TASK ITEM
Nothing but the lines from the one with "PET片材生產(chǎn)線" down to the one with "현지 시각 23일 시작된" should be returned, exactly and with both ends included, from the material below.

GIVEN INFORMATION Start Marker

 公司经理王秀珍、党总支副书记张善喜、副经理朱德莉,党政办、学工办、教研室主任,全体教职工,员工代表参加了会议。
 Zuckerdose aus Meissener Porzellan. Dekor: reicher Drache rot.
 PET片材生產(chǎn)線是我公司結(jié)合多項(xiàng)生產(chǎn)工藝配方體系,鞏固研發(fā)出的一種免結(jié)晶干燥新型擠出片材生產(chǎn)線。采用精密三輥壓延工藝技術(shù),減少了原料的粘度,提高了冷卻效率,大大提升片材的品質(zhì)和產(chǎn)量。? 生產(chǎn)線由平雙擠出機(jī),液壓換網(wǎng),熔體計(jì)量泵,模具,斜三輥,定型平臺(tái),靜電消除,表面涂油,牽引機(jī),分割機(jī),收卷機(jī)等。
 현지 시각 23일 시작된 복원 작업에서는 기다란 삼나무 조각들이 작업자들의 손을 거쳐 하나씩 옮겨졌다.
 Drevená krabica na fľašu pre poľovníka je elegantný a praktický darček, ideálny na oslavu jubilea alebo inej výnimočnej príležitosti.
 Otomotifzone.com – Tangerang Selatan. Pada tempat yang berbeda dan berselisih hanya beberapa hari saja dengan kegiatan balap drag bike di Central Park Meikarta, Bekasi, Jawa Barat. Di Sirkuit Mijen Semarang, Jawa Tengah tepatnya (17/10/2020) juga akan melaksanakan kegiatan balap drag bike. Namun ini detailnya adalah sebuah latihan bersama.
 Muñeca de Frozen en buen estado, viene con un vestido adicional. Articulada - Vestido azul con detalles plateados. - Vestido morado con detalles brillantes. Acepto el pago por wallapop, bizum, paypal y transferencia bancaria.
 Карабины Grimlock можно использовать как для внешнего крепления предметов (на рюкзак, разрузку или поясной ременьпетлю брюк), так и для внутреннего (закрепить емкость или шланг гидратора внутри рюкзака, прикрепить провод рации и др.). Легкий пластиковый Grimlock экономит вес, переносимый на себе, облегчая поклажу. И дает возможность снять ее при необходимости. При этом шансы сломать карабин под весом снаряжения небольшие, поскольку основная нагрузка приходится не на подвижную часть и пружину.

GIVEN INFORMATION End Marker

SOLUTION TO THIS PROBLEM
 PET片材生產(chǎn)線是我公司結(jié)合多項(xiàng)生產(chǎn)工藝配方體系,鞏固研發(fā)出的一種免結(jié)晶干燥新型擠出片材生產(chǎn)線。采用精密三輥壓延工藝技術(shù),減少了原料的粘度,提高了冷卻效率,大大提升片材的品質(zhì)和產(chǎn)量。? 生產(chǎn)線由平雙擠出機(jī),液壓換網(wǎng),熔體計(jì)量泵,模具,斜三輥,定型平臺(tái),靜電消除,表面涂油,牽引機(jī),分割機(jī),收卷機(jī)等。
 현지 시각 23일 시작된 복원 작업에서는 기다란 삼나무 조각들이 작업자들의 손을 거쳐 하나씩 옮겨졌다.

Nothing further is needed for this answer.